PROCISSÃO EUCARÍSTICA NA PRAIRIE

MEDITAÇÃO DO PAPA BENTO XVI

Lourdes
Domingo, 14 de Setembro de
2008

 

Senhor Jesus, Tu estás aqui!

E vós, meus irmãos, minhas irmãs e meus amigos,
vós também estais aqui, comigo, diante d’Ele!

Senhor, há dois mil anos, aceitaste subir a uma cruz de infâmia para depois ressuscitar e ficar sempre connosco, teus irmãos, tuas irmãs!

E vós, meus irmãos, minhas irmãs e meus amigos,
aceitai deixar-vos agarrar por Ele.

Nós O contemplamos.
Nós O adoramos.
Nós O amamos. E procuramos amá-Lo ainda mais.

Contemplamos Aquele que, durante a ceia pascal, entregou o seu Corpo e o seu Sangue aos discípulos, para estar com eles «todos os dias até ao fim do mundo» (Mt 28, 20).

Adoramos Aquele que está no princípio e no fim da nossa fé, Aquele sem o Qual não estaríamos aqui nesta tarde, Aquele sem o Qual simplesmente não existiríamos, Aquele sem o Qual nada existiria, nada, absolutamente nada! Ele, por Quem «tudo foi feito» (Jo 1, 3), Ele em Quem fomos criados para a eternidade, Ele que nos entregou o seu Corpo e o seu Sangue, Ele está aqui nesta tarde, diante de nós, oferecido aos nossos olhares.

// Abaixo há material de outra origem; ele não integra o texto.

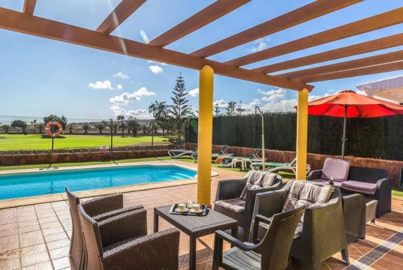 Villa Sammia is a wonderful four-bedroom villa situated right on the frontline of the golf course at Caleta de Fuste and only 15 minutes walk to the beach. This modern retreat is designed for luxury and relaxation, featuring air conditioning throughout, satellite television channels, and complimentary fibre connected Wi-Fi internet access. With its prime south-facing orientation, Villa Sammia enjoys an abundance of sunlight, making it the perfect spot for relaxation and leisure. Guests can bask in the warm rays while taking in stunning views of the lush greens, creating an idyllic setting for a memorable holiday experience.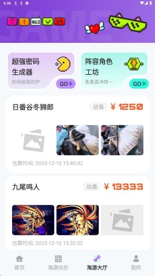2、在淘游估价页面,提交你的账号或者手办信息,就能得出结果。
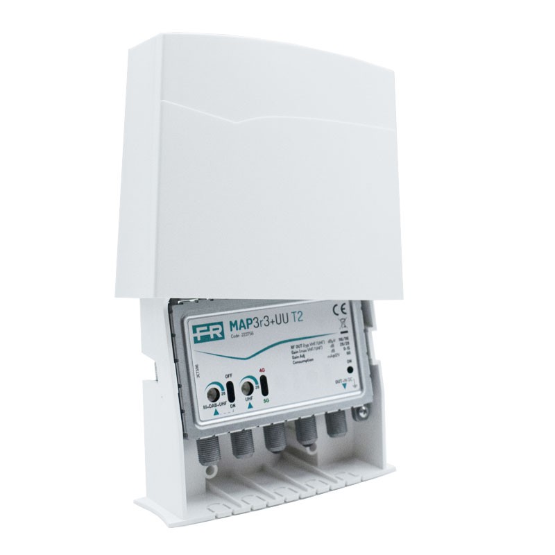 Fracarro 2-Input Pole Amplifier is ideal for optimizing the reception of TV signals in bands III+DAB and UHF, thanks to a high gain of 28 dB for each input and independent adjustment up to 15 dB. Designed with a built-in 5G filter, it ensures an interference-free signal and maximum reliability, with the following features: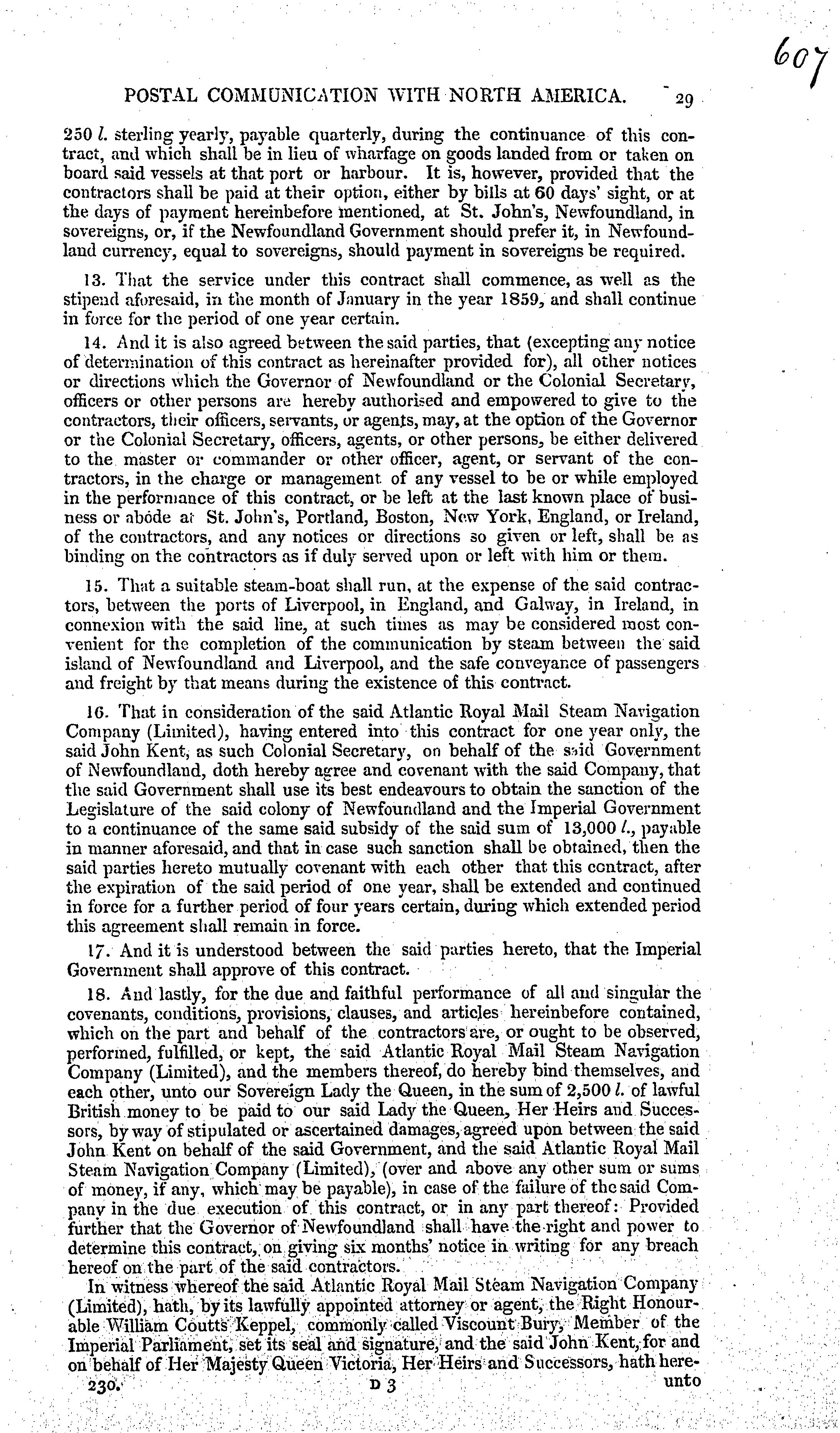 Cover title: Postal communication with North America, mail service (Galway and America) : copies of all applications, reports, papers, and communications made to the government relating to proposals for new contracts to establish steam communication ...

Amamos – e procuramos amar ainda mais – Aquele que está aqui, diante de nós, oferecido aos nossos olhares, às nossas questões talvez, ao nosso amor.

Quer caminhemos ou estejamos cravados num leito de sofrimento, quer caminhemos na alegria ou nos encontremos no deserto da alma (cf. Nm 21, 5), Senhor, arrebata-nos a todos no teu Amor: no amor infinito, que é eternamente o do Pai pelo Filho e do Filho pelo Pai, o do Pai e do Filho pelo Espírito e do Espírito pelo Pai e pelo Filho.

A Hóstia Sagrada, exposta aos nossos olhos, exprime esta força infinita do Amor manifestada na Cruz gloriosa. A Hóstia Sagrada diz-nos a incrível humilhação d’Aquele que Se fez pobre para nos enriquecer d’Ele, Aquele que aceitou perder tudo a fim de nos ganhar para seu Pai. A Hóstia Sagrada é o sacramento vivo e eficaz da presença eterna do Salvador dos homens na sua Igreja.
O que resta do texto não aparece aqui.